I've seen some examples of simple types of bamboo flutes, but they usually seem to be built for one key only, and if you want to play at other keys (or basically playing chromatic notes) you have to either half-hole or use cross-fingering (or both even).

Now, as I've been trying to study the physics behind the sound production of the woodwinds, what I understood is that playing chromatic notes using cross-fingering (=tone holes being closed below the first open tone hole, rather than keeping a continuous series of open tone holes) isn't perfect in terms of intonation, so the chromatic notes are off from what's expected (to my understanding, flat) and thus you can't modulate accurately to all keys differing from the instrument's base key.
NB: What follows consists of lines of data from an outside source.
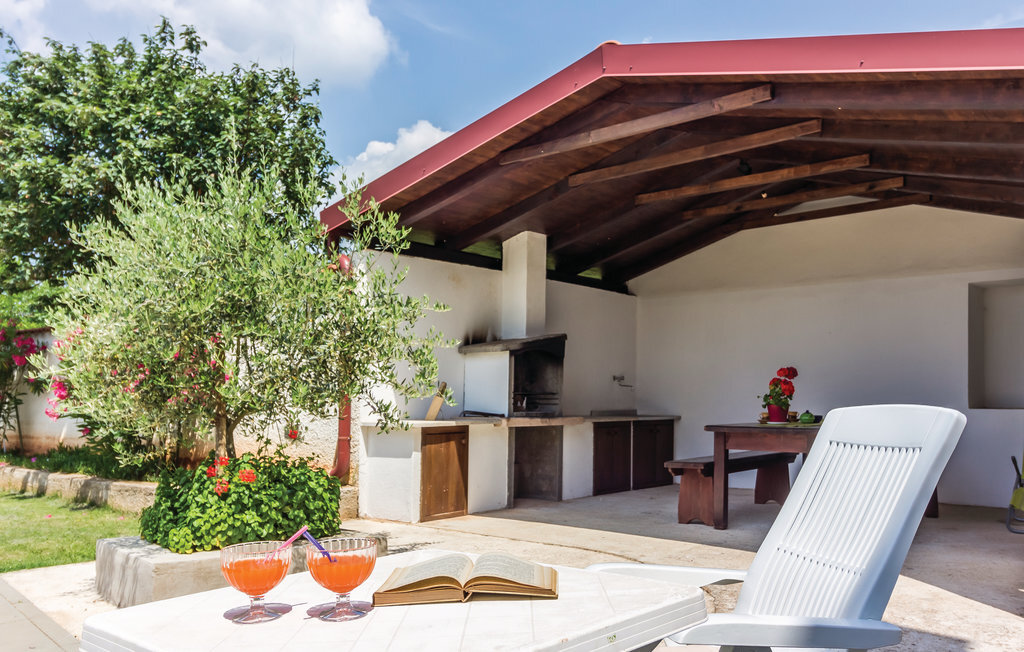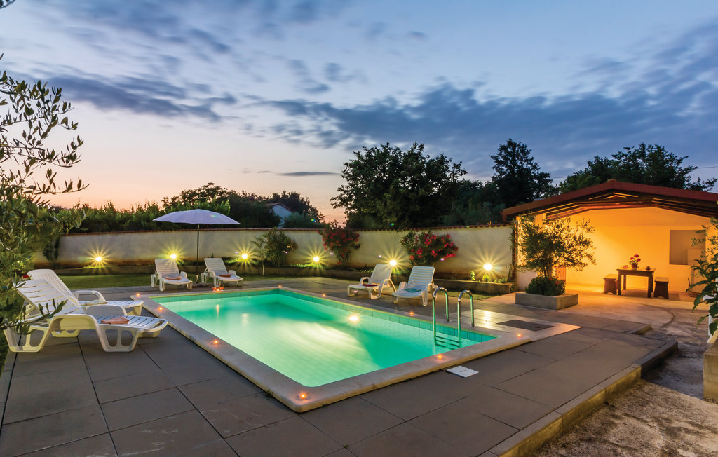 Cette belle maison de vacances avec piscine, entourée de plantes méditerranéennes, se trouve à egotici, près de Duga Uvala. Devant la maison se trouve un puits traditionnel istrien qui jouait autrefois un rôle important dans l'approvisionnement en eau, mais qui ne sert plus aujourd'hui que de souvenir des temps passés. La maison est joliment et confortablement aménagée et se compose d'une cuisine, d'un salon, de deux salles de bains et de trois chambres. Dans le jardin bien aménagé, vous trouverez la piscine et une terrasse couverte où vous pourrez passer des soirées agréables avec votre famille ou vos amis. Les plages les plus proches se trouvent à Duga Uvala. Ne manquez pas de visiter la ville antique de Pula avec ses nombreux monuments culturels et historiques, ses musées et ses galeries qui valent le détour. Pour les excursions d'une journée, nous vous recommandons le parc national sur l'île de Brioni, qui vous enchantera par sa nature magnifique.
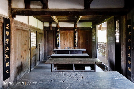 二楼为读书楼,正中三间为讲堂,讲堂的桌凳仍摆得整整齐齐,两梢间为书房,魏源就是在这栋楼上度过了他的童年和少年时期。“偶尔下楼,家犬追咬”和“读书入了迷,粽子蘸墨吃”的故事就发生在这座楼上。从读书用过的桌椅及遗留的手稿、书籍等物品,我们可以感知魏源在不同时期的生活场景和社会背景。
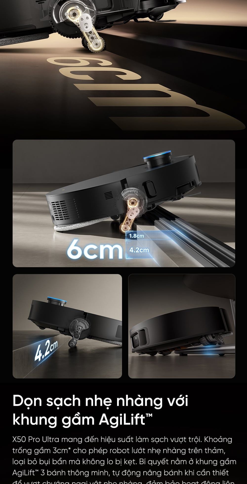 - Khung gầm AgiLift™ 3 bánh tự động nâng hạ, kết hợp khoảng trống gầm 3cm giúp robot làm sạch vượt trội trên thảm và di chuyển liên tục, không bị gián đoạn.
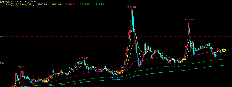 比如当下的大盘指数,在月线上,如果我们整体去看,其本级别对55周期SMA均线的回归,无疑不是那么标准了,有时候穿了55周期SMA均线,有时候又没穿,且有远有近,那如何去处理?显然,我们可以观察到一点:那就是在55周期SMA均线附近,不管是穿或者不穿,其发展出来的上涨段,在历史上都有着流畅而活跃的难论特征,那这就是我们的处理基础,又何必要固定在结构意义上去处理呢?
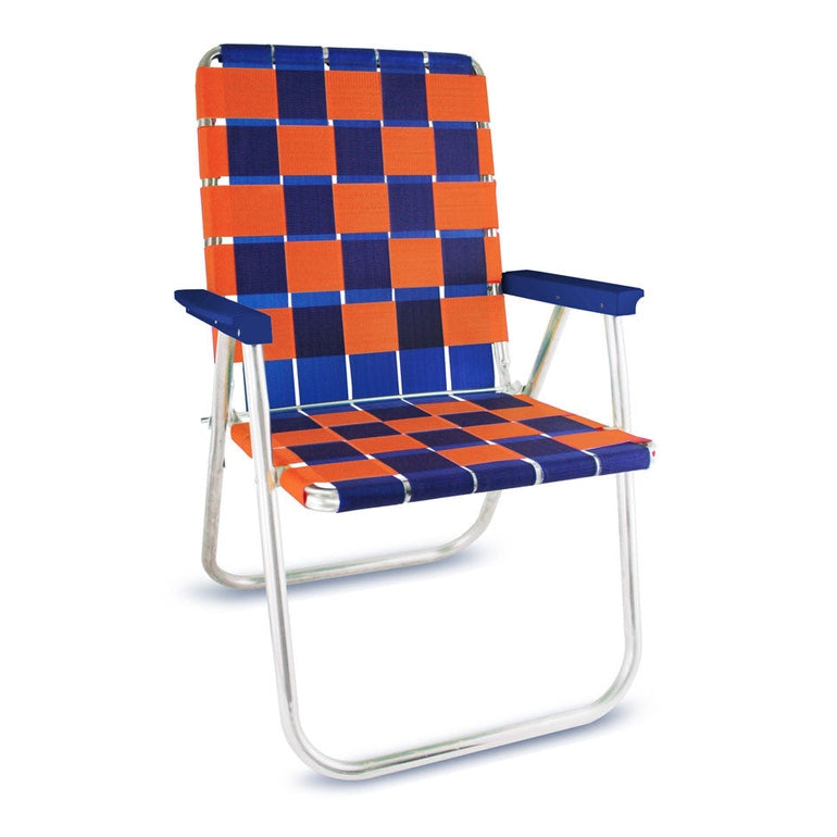 Experience the easy luxury of the Blue & Orange Classic Chair. Crafted in the USA with a sturdy aluminum frame and vibrant blue and orange pattern, this chair will bring comfort and style to any room. Enjoy the ergonomic arm rests for an even more comfortable experience.

To my understanding, the issue for a long time of these instruments' histories is the physiological limitation of the number of fingers humans have, such that we can't place a finger to control each dedicated tone hole in a truly chromatic tone hole-configuration. So I then understood that the mechanical key systems developed for these instruments in their later stages involved enabling each finger the control more than one tone hole in some convoluted interconnected way, and thus I figured there now should be a dedicated tone hole for each chromatic note.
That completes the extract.